→ WORK INSTRUCTION:
Return the lines of the data below, from the one containing "SASKATE Cute Cartoon" through the very last, exactly and with both ends included; no pictures.

→ SUPPLIED INFORMATION:
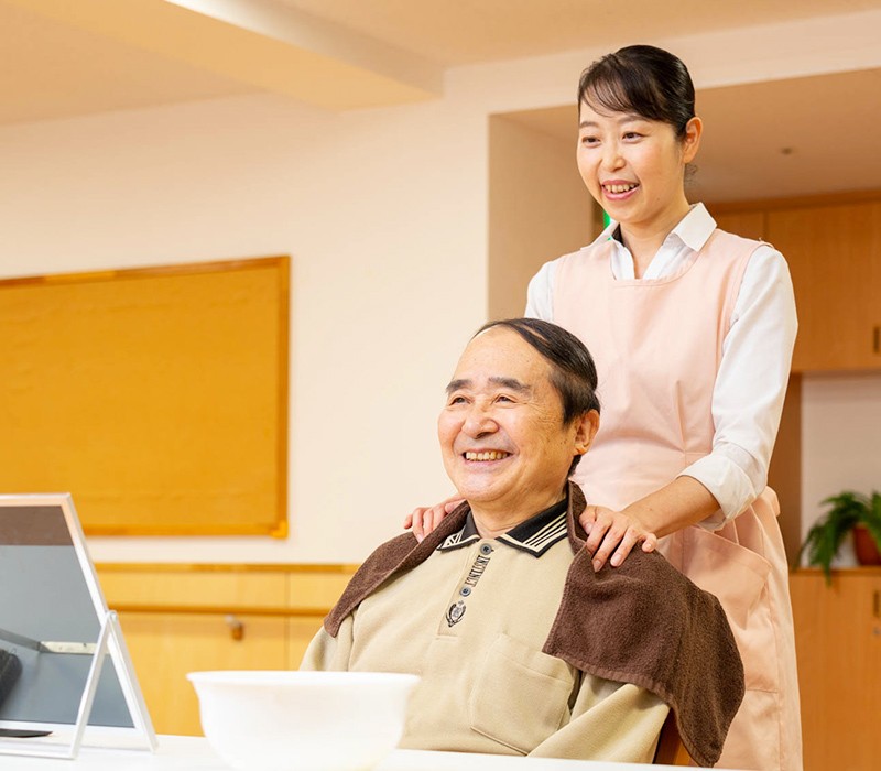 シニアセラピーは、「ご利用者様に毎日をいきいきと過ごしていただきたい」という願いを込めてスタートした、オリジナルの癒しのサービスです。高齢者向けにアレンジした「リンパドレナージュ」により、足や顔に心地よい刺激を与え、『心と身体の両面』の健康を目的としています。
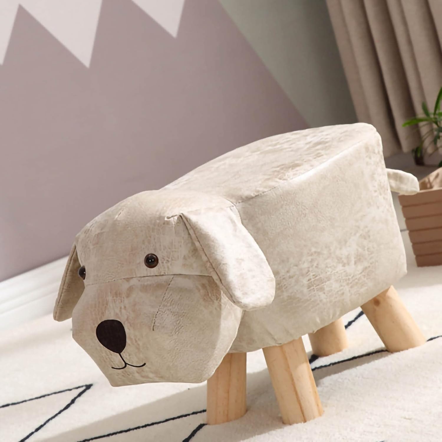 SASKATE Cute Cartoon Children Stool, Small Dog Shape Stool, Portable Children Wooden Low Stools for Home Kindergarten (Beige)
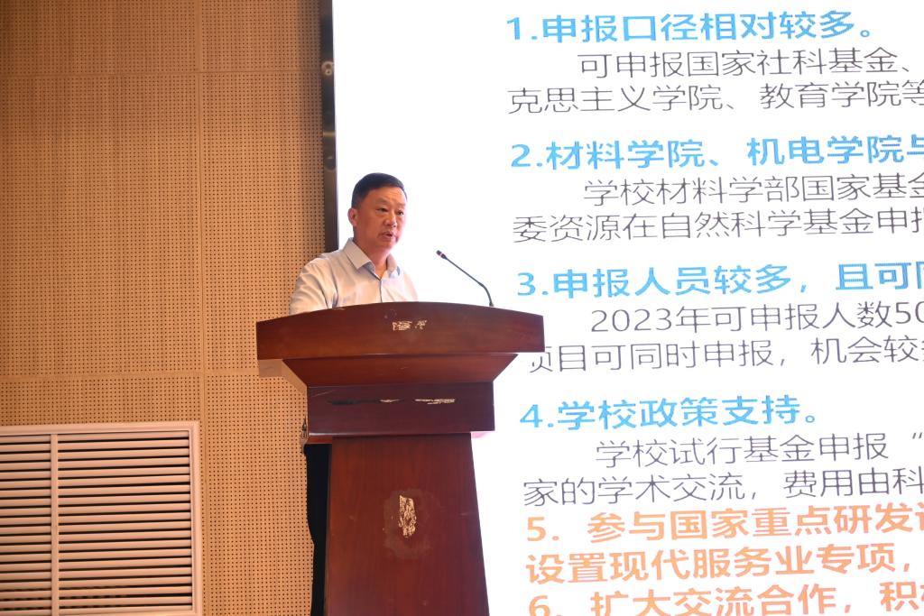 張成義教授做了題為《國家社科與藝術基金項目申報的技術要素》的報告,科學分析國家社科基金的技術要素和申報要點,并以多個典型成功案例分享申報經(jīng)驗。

→ ANSWER FOR THE TASK:
 SASKATE Cute Cartoon Children Stool, Small Dog Shape Stool, Portable Children Wooden Low Stools for Home Kindergarten (Beige)
 張成義教授做了題為《國家社科與藝術基金項目申報的技術要素》的報告,科學分析國家社科基金的技術要素和申報要點,并以多個典型成功案例分享申報經(jīng)驗。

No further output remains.